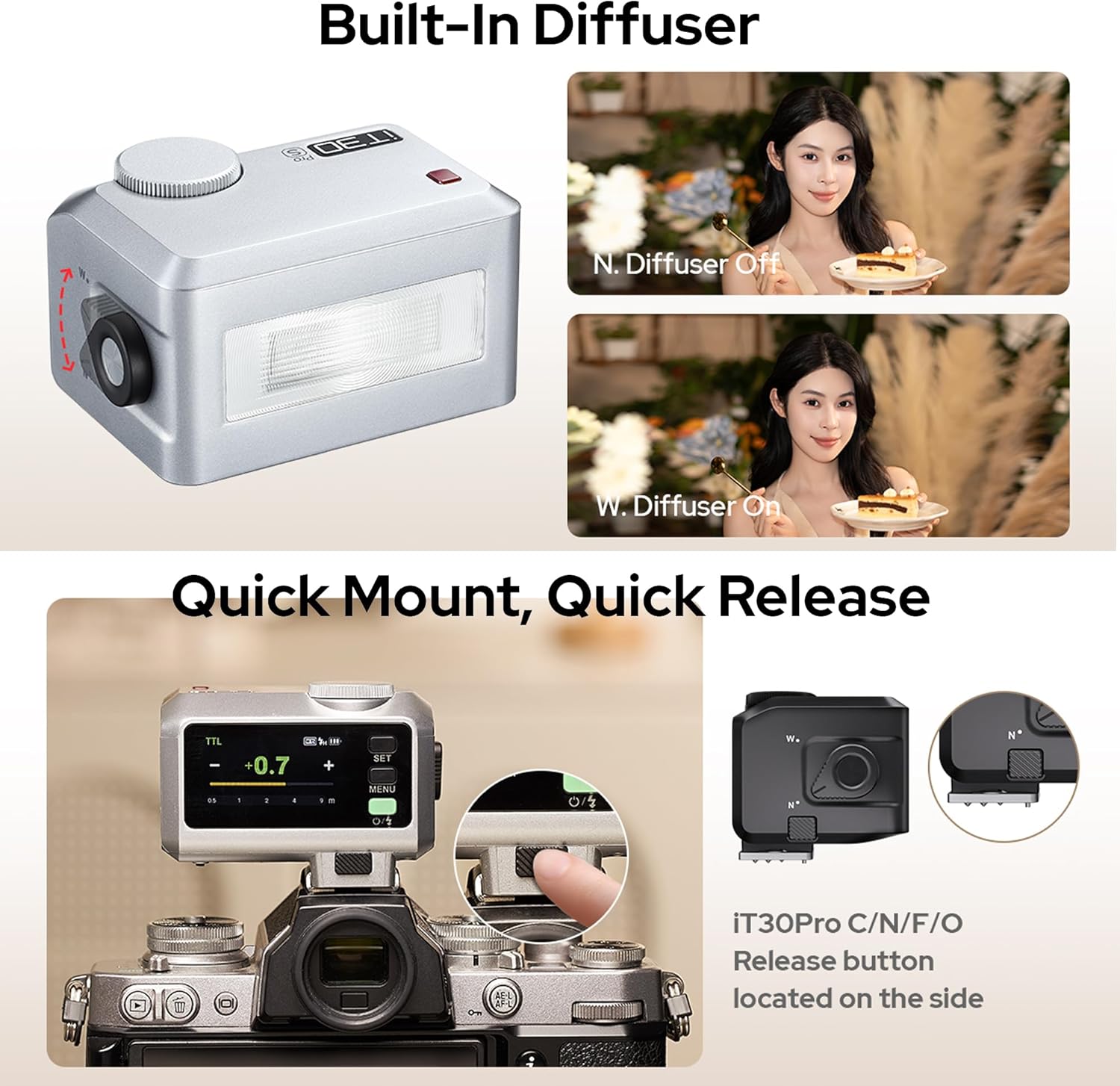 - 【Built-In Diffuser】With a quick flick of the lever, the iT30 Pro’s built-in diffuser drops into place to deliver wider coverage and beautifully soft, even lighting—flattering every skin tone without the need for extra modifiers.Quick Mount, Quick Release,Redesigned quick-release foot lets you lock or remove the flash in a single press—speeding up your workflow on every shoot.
※ ※ ※
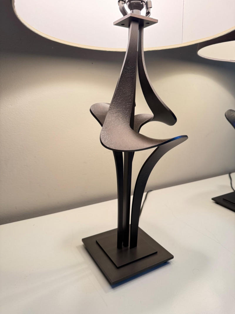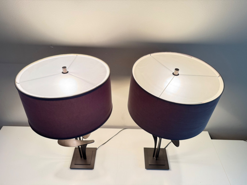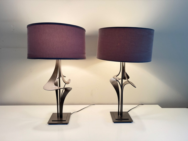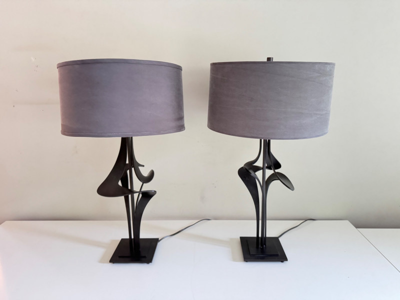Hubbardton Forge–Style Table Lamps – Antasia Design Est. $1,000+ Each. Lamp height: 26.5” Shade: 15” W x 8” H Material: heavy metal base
※ ※ ※
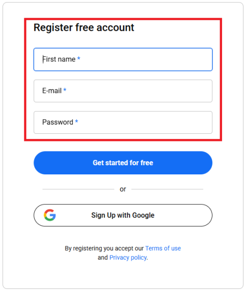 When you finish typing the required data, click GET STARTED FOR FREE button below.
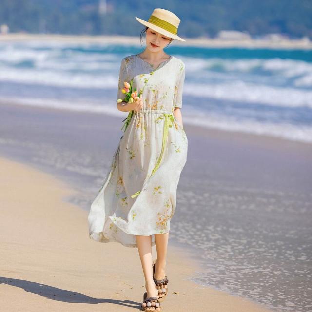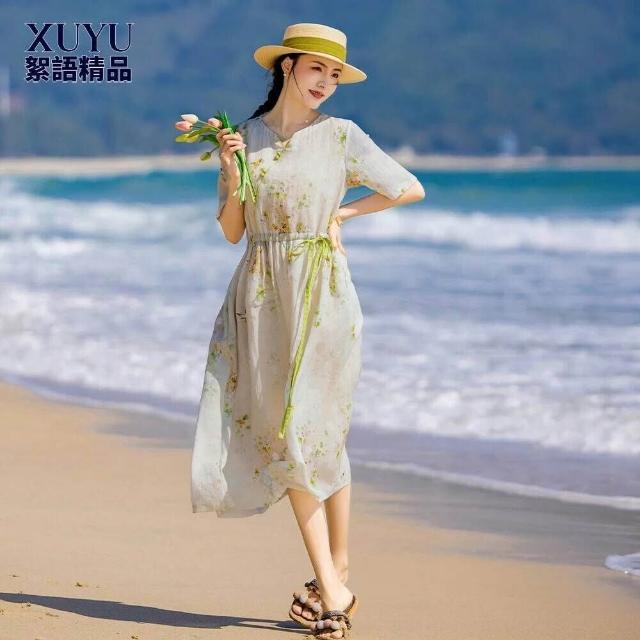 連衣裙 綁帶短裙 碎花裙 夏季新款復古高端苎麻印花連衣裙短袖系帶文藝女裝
※ ※ ※
**DESCRIPTION OF THE TASK**
Within these entries, output exactly the lines starting at the one with "When you finish" and finishing at the one with "連衣裙 綁帶短裙 碎花裙 夏季新款復古高端苎麻印花連衣裙短袖系帶文藝女裝". Leave pictures out of the output.

**OUTPUT OF THE EXERCISE**
 When you finish typing the required data, click GET STARTED FOR FREE button below.
 連衣裙 綁帶短裙 碎花裙 夏季新款復古高端苎麻印花連衣裙短袖系帶文藝女裝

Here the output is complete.